Excerpts from a dataset:
'''
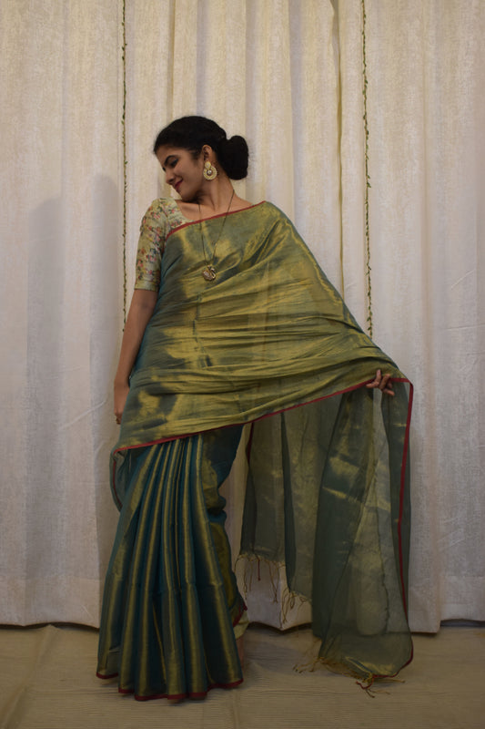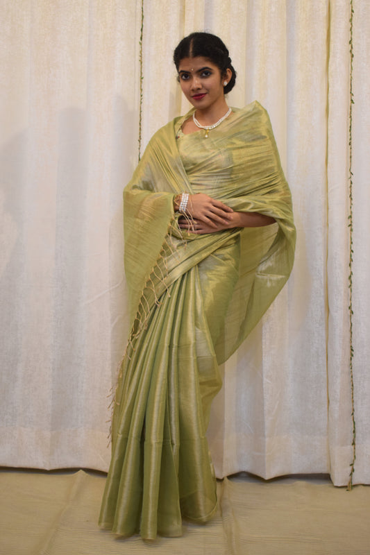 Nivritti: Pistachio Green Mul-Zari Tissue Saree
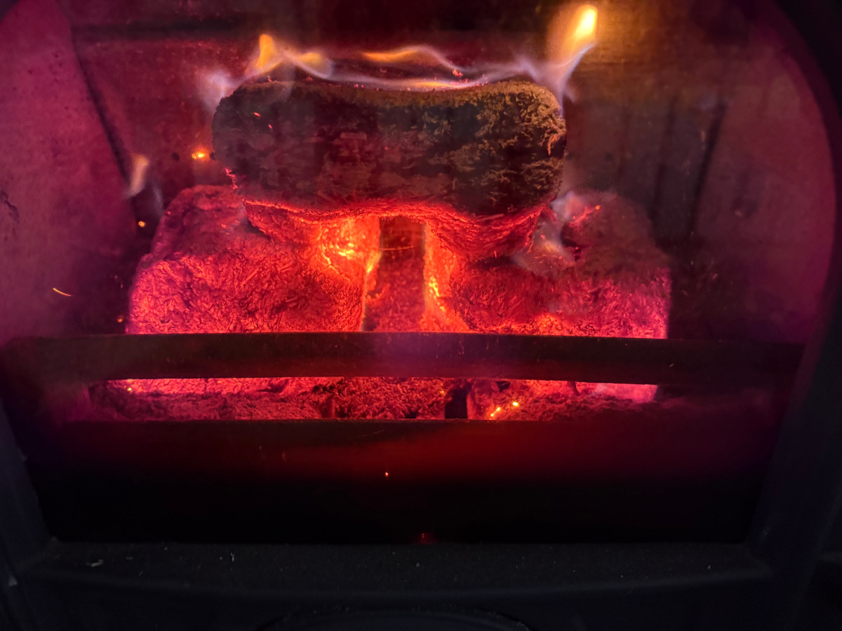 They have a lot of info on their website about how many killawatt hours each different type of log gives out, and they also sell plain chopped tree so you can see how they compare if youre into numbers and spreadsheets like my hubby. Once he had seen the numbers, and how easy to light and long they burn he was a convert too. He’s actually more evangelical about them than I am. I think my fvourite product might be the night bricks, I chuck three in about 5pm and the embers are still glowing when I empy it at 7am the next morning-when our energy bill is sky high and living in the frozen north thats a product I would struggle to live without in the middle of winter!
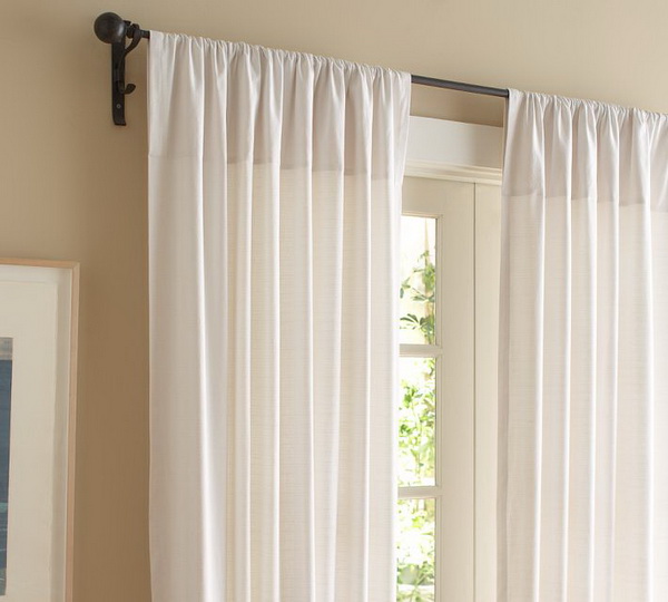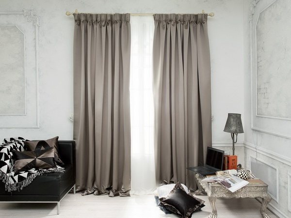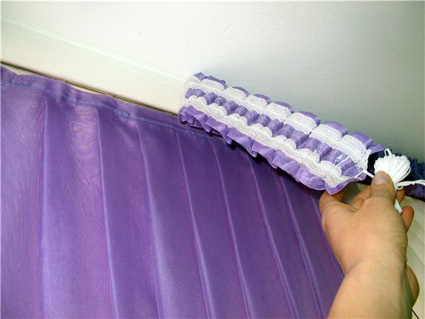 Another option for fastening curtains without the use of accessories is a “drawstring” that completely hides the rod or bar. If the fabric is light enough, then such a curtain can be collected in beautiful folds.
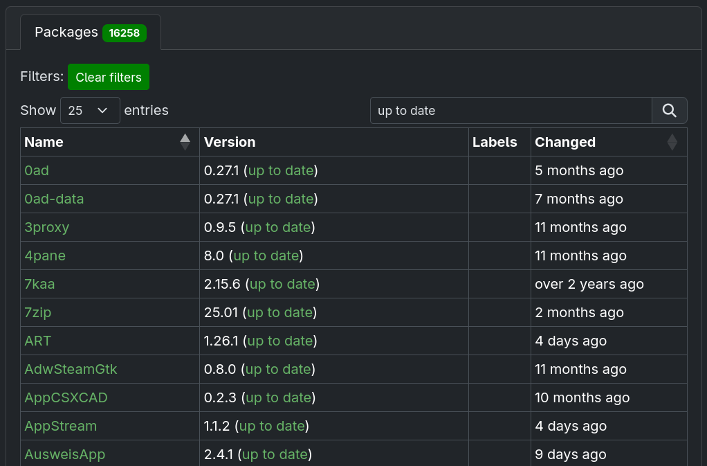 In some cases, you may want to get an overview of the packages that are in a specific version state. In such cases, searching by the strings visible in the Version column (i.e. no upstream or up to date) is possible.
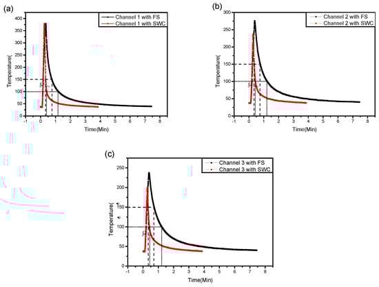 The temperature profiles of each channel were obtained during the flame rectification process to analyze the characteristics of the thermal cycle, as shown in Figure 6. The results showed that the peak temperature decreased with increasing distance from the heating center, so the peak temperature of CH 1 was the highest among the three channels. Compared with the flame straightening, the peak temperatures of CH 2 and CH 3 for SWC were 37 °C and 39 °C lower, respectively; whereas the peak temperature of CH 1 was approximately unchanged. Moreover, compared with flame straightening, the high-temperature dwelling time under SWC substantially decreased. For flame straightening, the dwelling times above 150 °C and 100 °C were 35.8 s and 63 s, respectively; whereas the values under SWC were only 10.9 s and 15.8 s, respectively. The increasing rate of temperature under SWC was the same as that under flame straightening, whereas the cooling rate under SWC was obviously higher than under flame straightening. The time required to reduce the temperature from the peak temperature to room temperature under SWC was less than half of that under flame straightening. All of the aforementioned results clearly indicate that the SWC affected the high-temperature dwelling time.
'''
→ TASK PROMPT
Reproduce, without alteration and without pictures, only those lines that lie between the first line of the entries above and the line containing "Another option for", both of them included.

→ WORKED SOLUTION
 Nivritti: Pistachio Green Mul-Zari Tissue Saree
 They have a lot of info on their website about how many killawatt hours each different type of log gives out, and they also sell plain chopped tree so you can see how they compare if youre into numbers and spreadsheets like my hubby. Once he had seen the numbers, and how easy to light and long they burn he was a convert too. He’s actually more evangelical about them than I am. I think my fvourite product might be the night bricks, I chuck three in about 5pm and the embers are still glowing when I empy it at 7am the next morning-when our energy bill is sky high and living in the frozen north thats a product I would struggle to live without in the middle of winter!
 Another option for fastening curtains without the use of accessories is a “drawstring” that completely hides the rod or bar. If the fabric is light enough, then such a curtain can be collected in beautiful folds.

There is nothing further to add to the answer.